India’s deteriorating external position
India’s main argument not to join RCEP is its large trade deficit with many RCEP countries. Over the last 5 years, RCEP members were on average responsible for almost 70% of India’s trade deficit (Figure 8). This trade deficit has resulted in weakness of India’s external position. This has implications for India’s financial conditions and creditworthiness. What’s more, India’s weak external position prevents it from adopting unconventional monetary policy. India’s worsening trade balance explains why it is still among one of the most protectionist countries in terms of tariffs (Figure 9). And Indian policymakers have been backtracking on free trade the last couple of years (see this report).
[2] ASEAN stands for Assocation of Southeast Asian Countries. Members are Brunei, Cambodia, Indonesia, Laos, Malaysia, Myanmar, Philippines, Singapore, Thailand and Vietnam.
Figure 8: India’s trade balance deteriorated heavily over the last two decades

Figure 9: India’s tariffs came down, but are still among the highest

Non-tariff barriers to trade
So from the perspective of external weakness, India opting out of RCEP makes sense. But reality is even more nuanced. Trade barriers are not only about tariff levels. Non-tariff barriers (NTBs) to trade, ranging from administrative burdens to outright quantitative restrictions, have become increasingly important. Looking at OECD data on NTBs, India is not the most protectionist country by an arm’s length, being outflanked by RCEP members Australia, Japan and China (see Figure 10). RCEP has not made any arrangements on lowering NTBs.
Figure 10: Where is the level playing field for India here?

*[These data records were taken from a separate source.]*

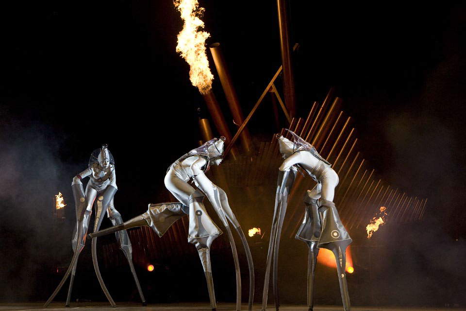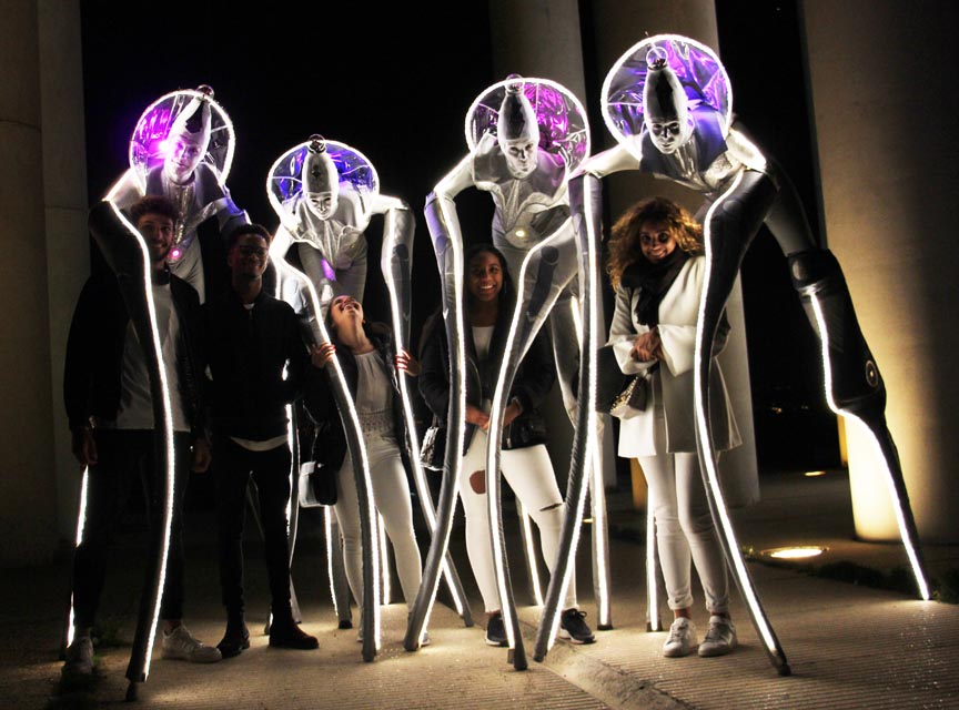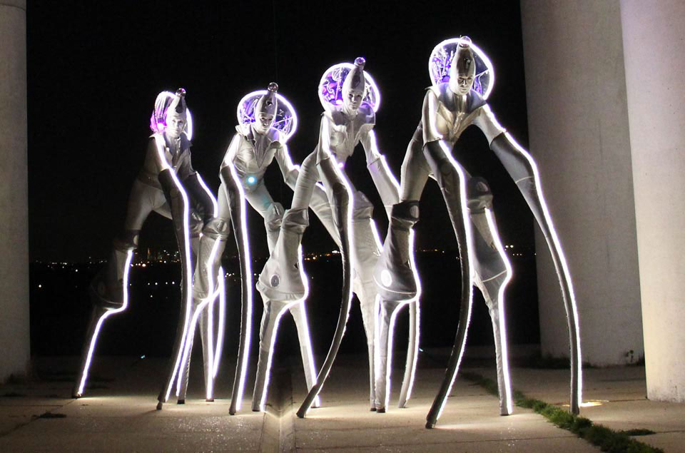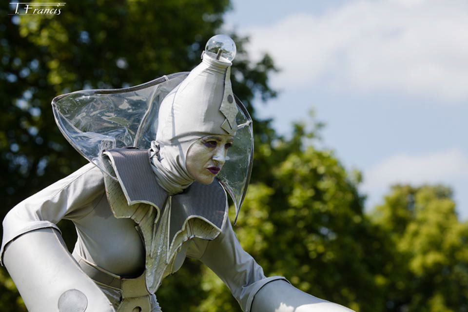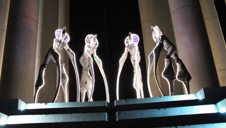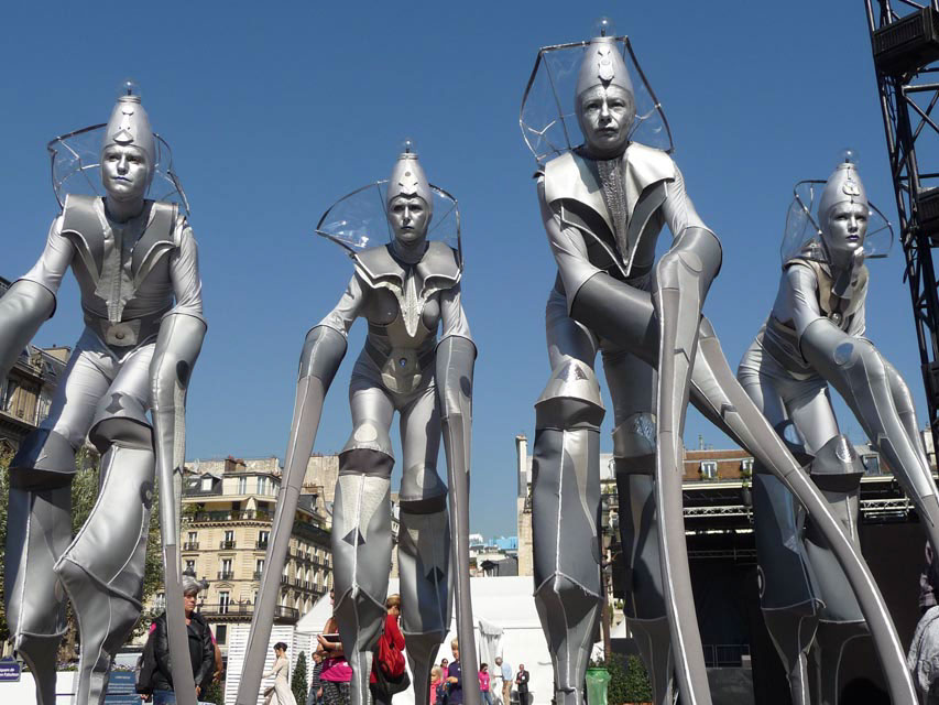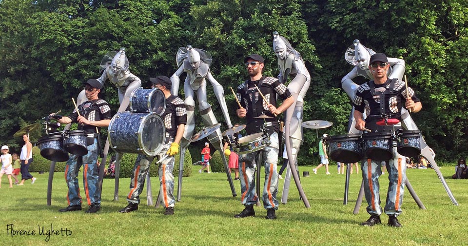 « Les Cosmopodes » se produisent également avec les « Percussionnautes », ces bateleurs du futur en costumes cosmiques apportent ainsi aux aventure terriennes des Cosmopodes un univers musical hors norme, qui les feront entrer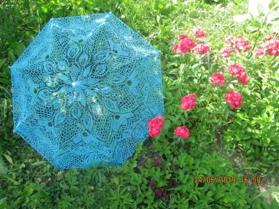 На основе салфетки связала свой первый зонтик. Оказалось, что это тоже очень интересно и увлекательно. Сейчас вяжу третий.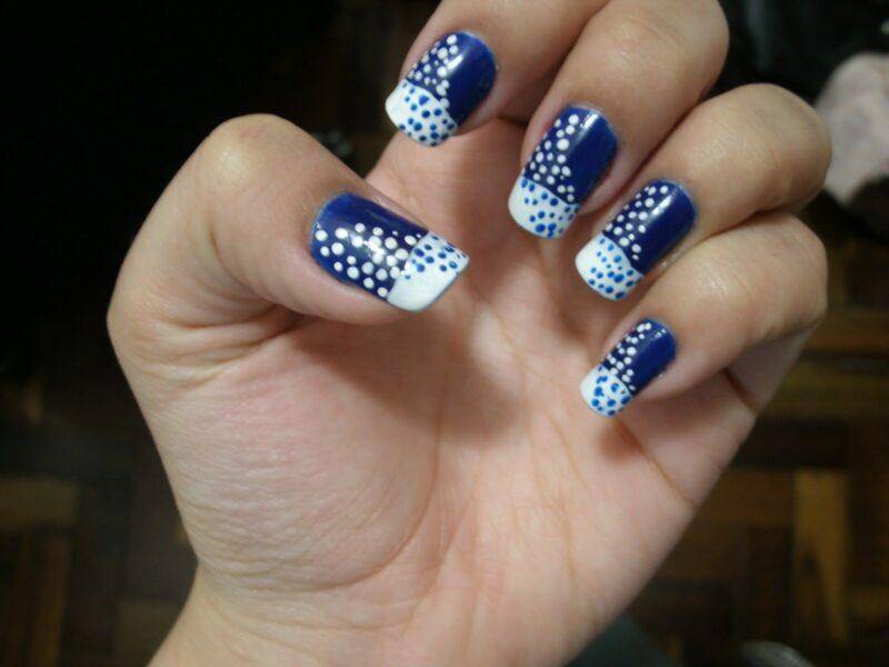 Самые популярные варианты украшения для комбинированного дизайна — нарисованные полоски, точки, а также стразы.

Enhance domestic competitiveness
Finally, a free-trade agreement (FTA) with industrialized countries, such as Japan and Australia, has drawn criticism from across the political party spectrum in India because it is said to be killing lower-end manufacturing jobs and innovation. Especially with the "Make in India" and "Atmanirbhar" campaigns trying to push more local manufacturing, a free trade deal with countries like China, Japan and South Korea is not seen as the best move.
The door is still open
It is easy to see why signing members have still left the door open for India to join and have even included some chapters safeguarding India’s interests in the final version. India joining RCEP would have resulted in a substantial decrease of India’s tariffs, which will enable RCEP members to more easily access it’s large market of 1.4 billion potential consumers. India is currently insistent that it will not join the partnership. But a few agreements on import exclusion in sensitive sectors and a phased-out liberalization might push India to rethink, as RCEP is currently one of the easiest large FTAs which concentrates solely on trade. There is no emphasis on issues like environment, labor or state-owned enterprises, which are contentious in getting a trade deal with the likes of EU and US.